# Queen right cell builders



## WG Bee Farm (Jan 29, 2005)

In reviewing the comments of this list, I have not heard of many that use a queen right cell builder.
Is there anyone that uses this approach.
Frank Wyatt


----------



## Chef Isaac (Jul 26, 2004)

Dan does. 

A cloake board works very nicely.


----------



## peggjam (Mar 4, 2005)

I don't. I might start taking the cells out when capped and putting them into an incubator though.


----------



## Dan Williamson (Apr 6, 2004)

I use the Cloake board as Chef mentioned.

I put the Cloake board on about 4 days to a week before graft to get the bees accustomed to that entrance. I move as much young larvae above the excluder 2-3 days before graft as I can....1 day before graft I slide in board to make the top box(es) queenless. I take out the young larvae leaving young nurse bees in starter/finisher. i put cells into polish and make sure there is enough pollen/nectar. The next day I graft and 24 hrs later I remove the slide after cells where started making the cell builder queenright. They stay in the queenright colony above the excluder most of the time until I pull the cells and place in nucs.
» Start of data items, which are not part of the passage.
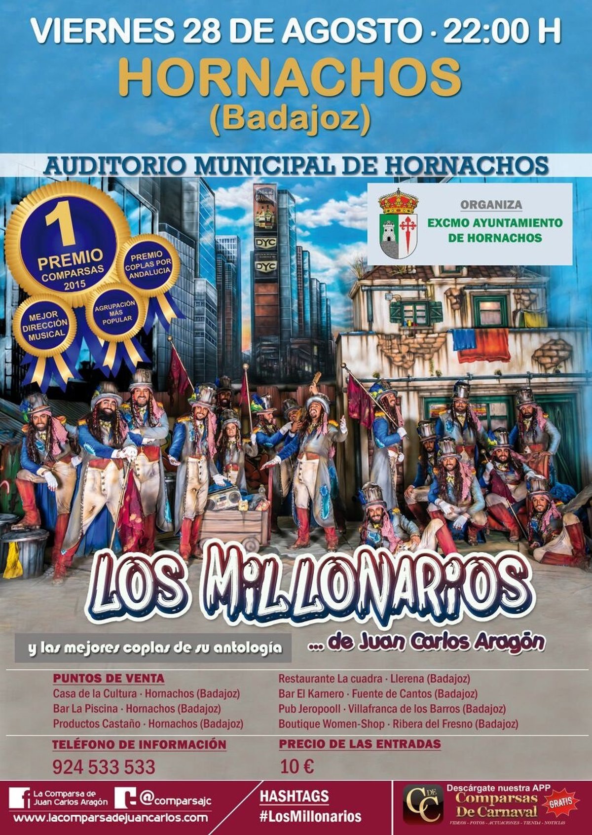 El Auditorio Municipal de Hornachos (Badajoz) albergará este viernes, día 28, a las 22,00 horas, la actuación "Los Millonarios y las mejores coplas de su antología" del carnavalero Juan Carlos Aragón.
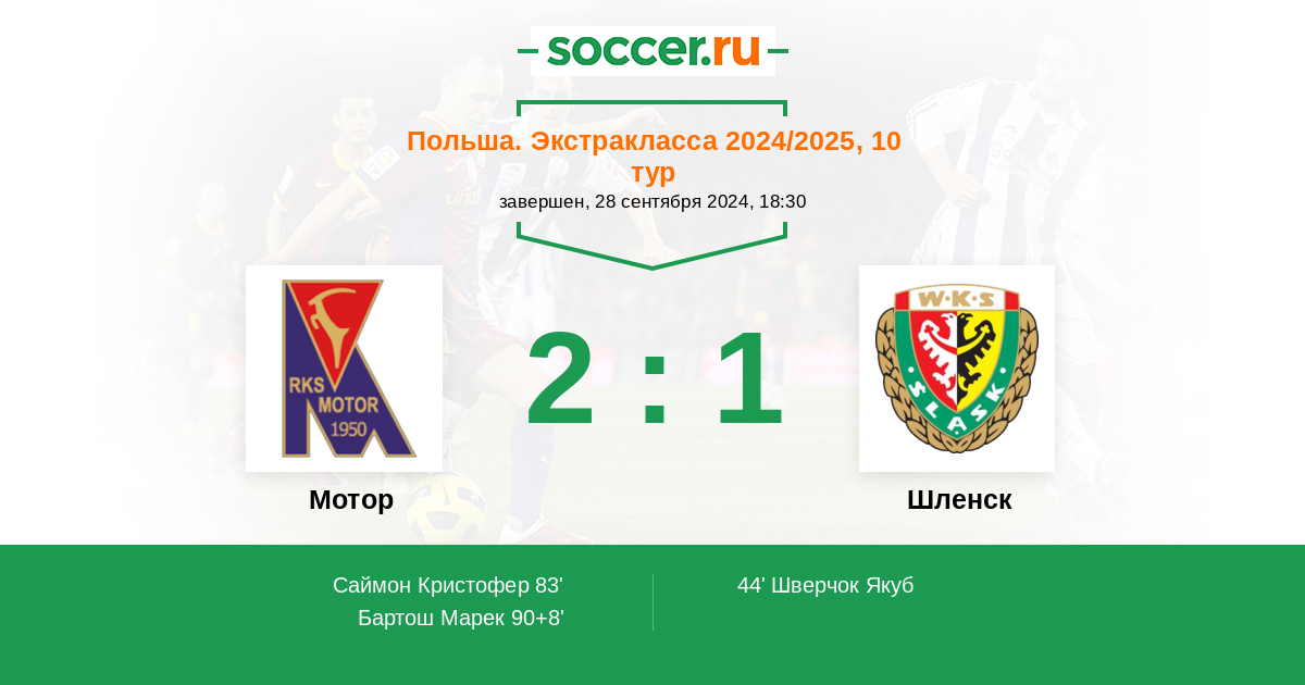 Протокол матча Мотор против Шленск
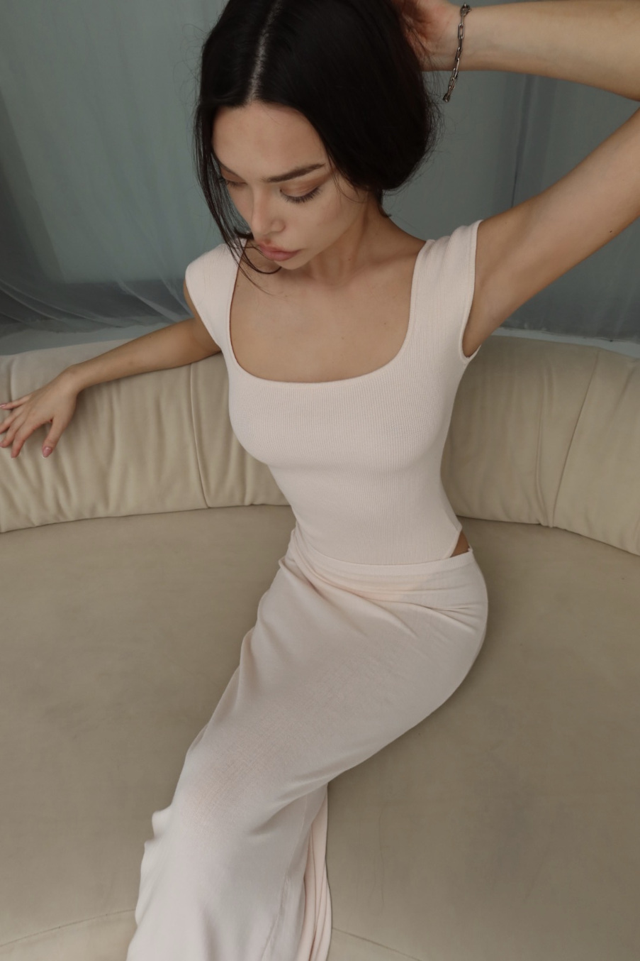 Костюм состоит из боди на фигурных бретелях, и юбки в длине макси, юбка создает облегающий силуэт и подчеркивает изгибы фигуры.
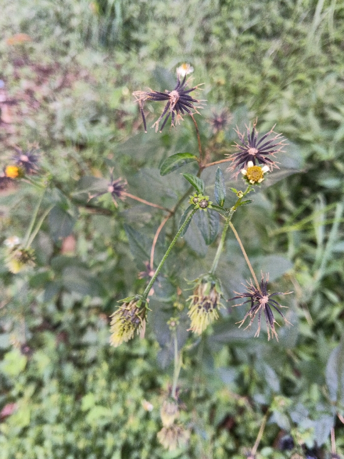 A patch of bidens pilosa, or hairy beggarticks, fills the frame. The plant features dark centers surrounded by yellow flowers and seed pods. Some of the seed pods have developed spiky bristles, characteristic of this plant's method of seed dispersal. The background is a blurred mix of green foliage and ground cover.
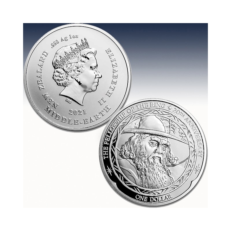 Celebrating the 20th Anniversary of Lord of the Rings in the Fellowship series, this Silver coin in Brilliant Uncirculated condition has a mintage of only 10,000.
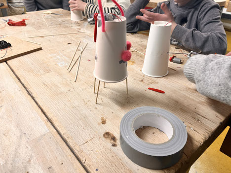 Im Technikraum arbeiteten sie gemeinsam mit Herrn Stein an motorisierten Pappbechern, die mit viel Kreativität gestaltet und in Bewegung versetzt wurden – Technik zum Anfassen.
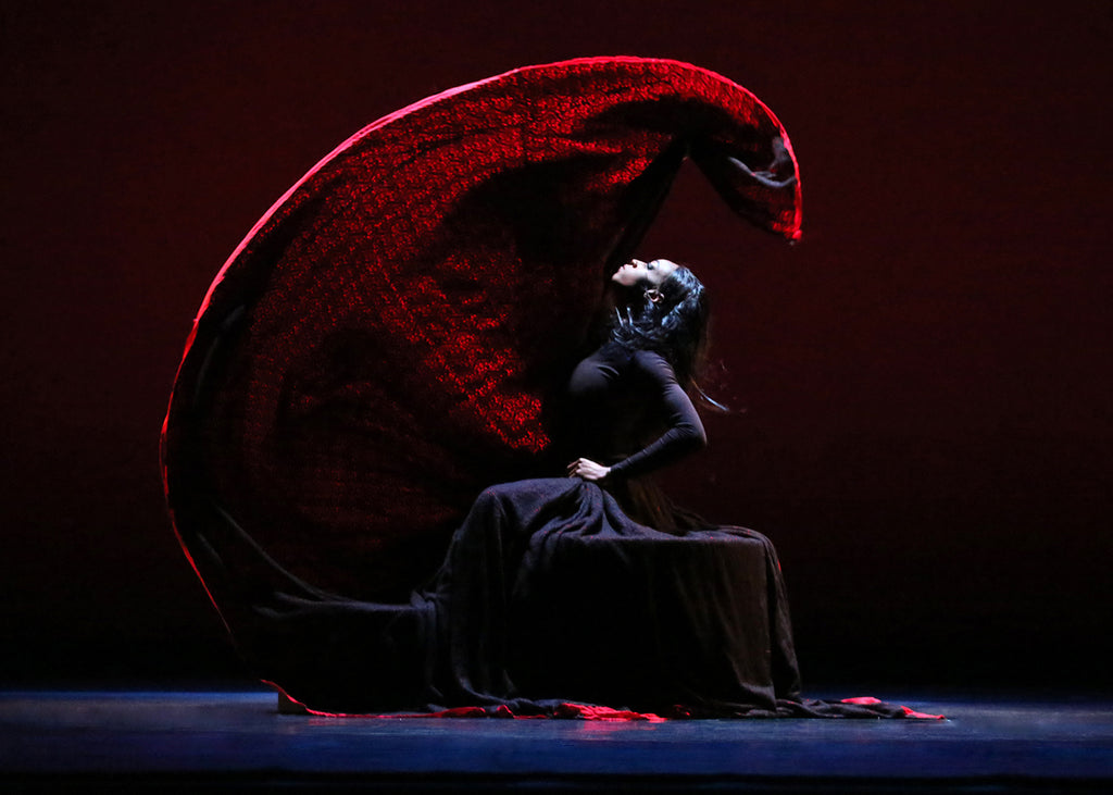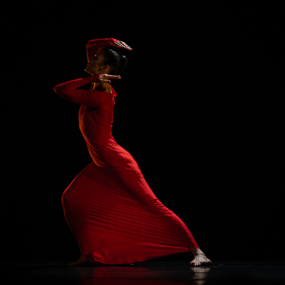Rightly featured on both evenings, the brand-new creation “Désir” (2025)—conceived by Virginie Mécène, extraordinary dancer and ballet master of the Graham technique—is a true gem. Mécène created it for Aurélie Dupont, former étoile of the Paris Opéra Ballet, who here expresses her passion and lifelong fascination for Martha Graham’s universe and technique. Inspired by a 1926 photograph of Graham performing a solo of the same name, now lost, Mécène has recreated the piece with passion and refinement, set to a hammering, minimalist piano score. Dupont brings it to life with her natural elegance and glamour. The piece begins and ends with Dupont raising her interlaced wrists toward the sky in an act of prayer—and indeed Mécène describes it as a hymn to femininity and desire. While the red stretch costume and the music recall Lamentation, the choreography speaks with its own voice: mature, inventive, faithful to Graham’s spirit yet full of freshness. In her red elastic dress, Dupont sculpts the air with horizontal arm movements—a kind of fractured, edgy third arabesque, forearms and hands directed backwards, elbows bent. A single top light isolates her, tightening the space around her. It is a beautiful cameo, one that the French public greets with particular warmth, as Dupont is widely regarded as a living monument of French dance.
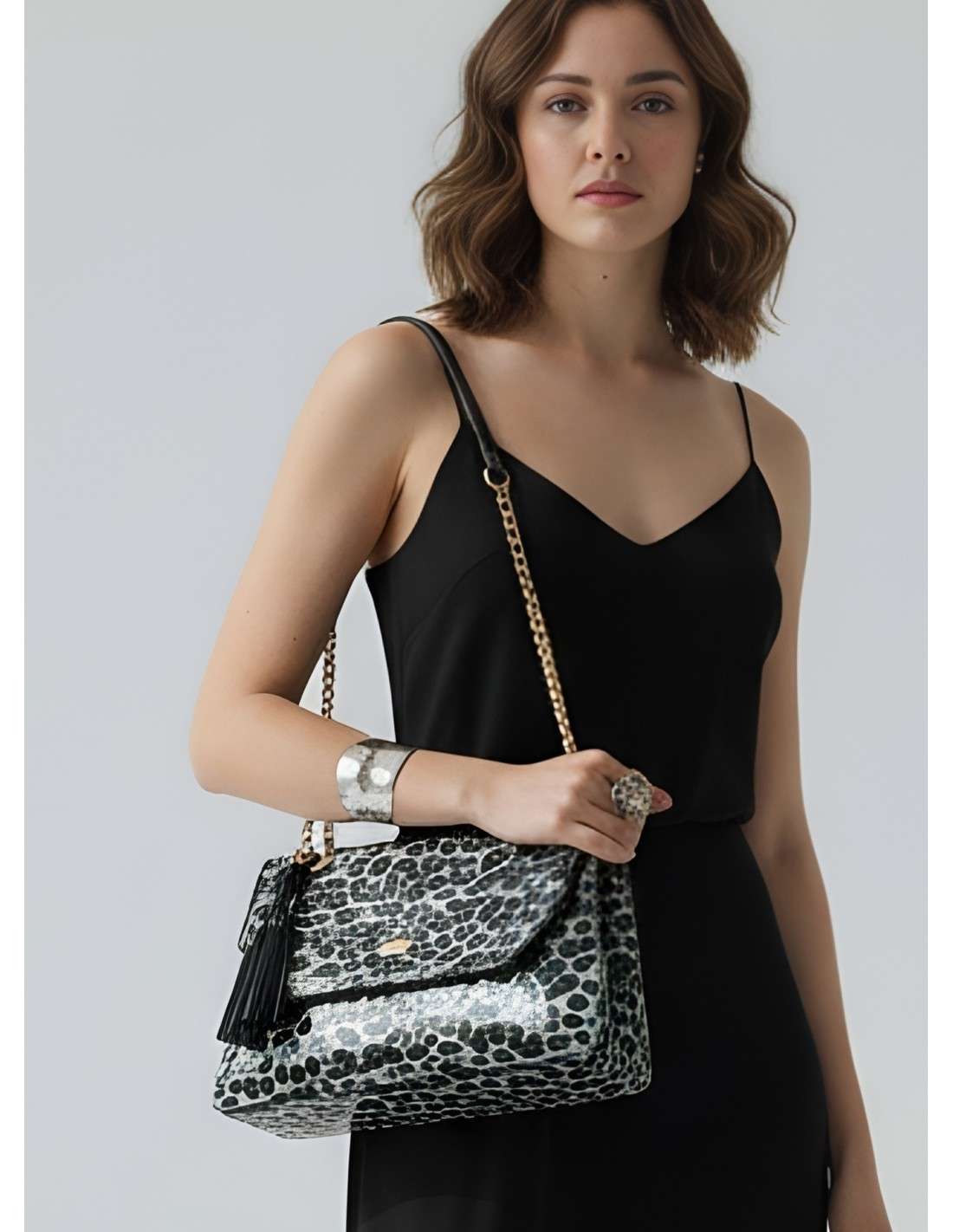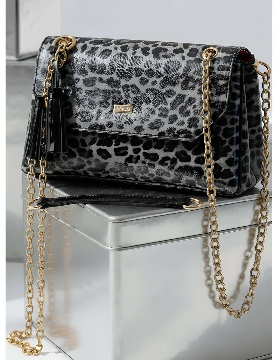 Cor: Estampado Animal / Preto verniz
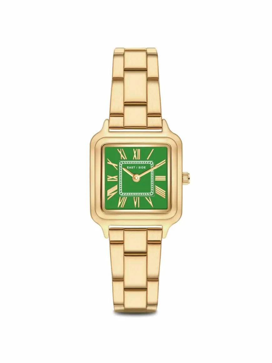 Gemacht für Liebhaberinnen exquisiter Uhrmacherkunst, ist dieses zeitlose Modell des jungen Labels EASTSIDE ein echtes Must-Have für jede Schmucksammlung. Der Look der markanten Damenuhr ist stilvoll-luxuriös und fokussiert auf die Zeitmesser-Funktion: Das dunkle Zifferblatt mit großen römischen Ziffern fügt sich perfekt in das eckige Gehäuse mit breiter Lünette ein, abgerundet durch dezente Stabzeiger.
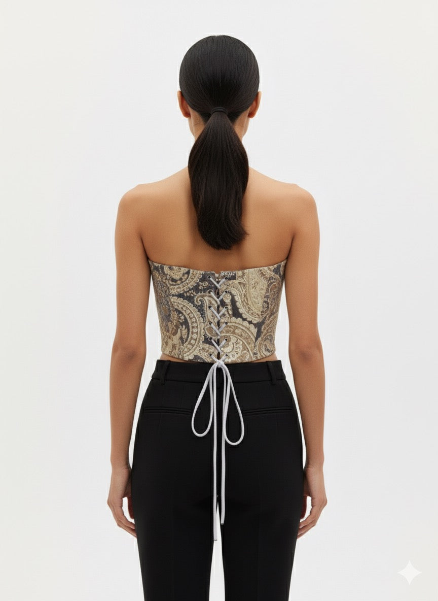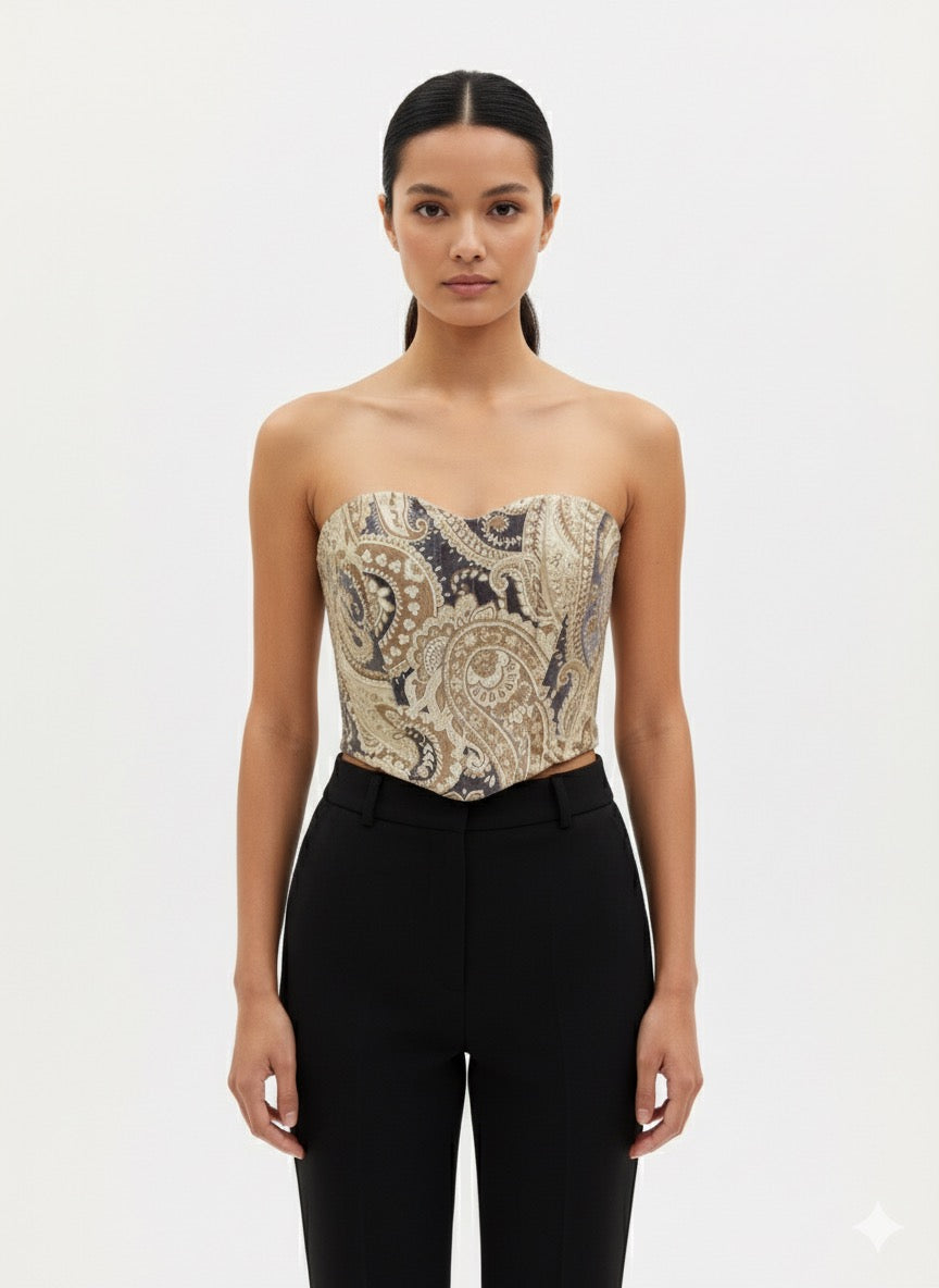 - Strapless corset crafted from authentic Termeh fabric in elegant champagne tones with intricate paisley motifs

If I need to do another graft I have always waited to move them when the cells are capped.

This has worked well for me. I basically follow the method Sue Coby outlined in a 2 part article that she wrote for ABJ.


----------



## WG Bee Farm (Jan 29, 2005)

The method I am asking about uses a two story hive body set up and a queen excluder. No slide is used as in the cloake system.
I have been using this set up since '99 and have yet to see anyone else that has tried it. 
Just curious?
Seems natural with less disturbance to the hive and I can even continue to collect honey from this starter during a honey flow.
Good day.
Frank Wyatt


----------



## bjerm2 (Jun 9, 2004)

I take the queen right hive, put all the brood in an upper story without the queen. I then put the queen on the bottom box with empty frames and some sealed brood, next queen excluder, next an empty box with frames, next the box with all the young and sealed brood.
Now what happens is all the field bees go to the bottom and take care of the queen. She can not come up to the top to the brood. The empty box keeps her separated from the nurse bees who now think they are queenless. I then give them queen cells to work on. There is no loss in production since there is no disruption in colony growth or strength. If you want to play you can then set another queen excluder above the empty box and allow one queen to emerge to help in doubling the hive population for the fall and winter. You can replace the old queen then.
Dan


----------



## Brandy (Dec 3, 2005)

I would be interested to have you expand a little on your set up Frank. There are many ways but obviously one's with minor disturbance would be interesting to hear about.


----------



## JohnK and Sheri (Nov 28, 2004)

Frank, I think we use the same system you do but we use a double excluder for added insurance. We start our grafts in a queenless broodless nuc then after about 24 hours transfer them to the queenright colony to finish until ready to put the cells in mating nucs. Works great.
Sheri


----------



## WG Bee Farm (Jan 29, 2005)

*Queen right Cell Builders*

Sorry for the delay- been out of town and """busy"""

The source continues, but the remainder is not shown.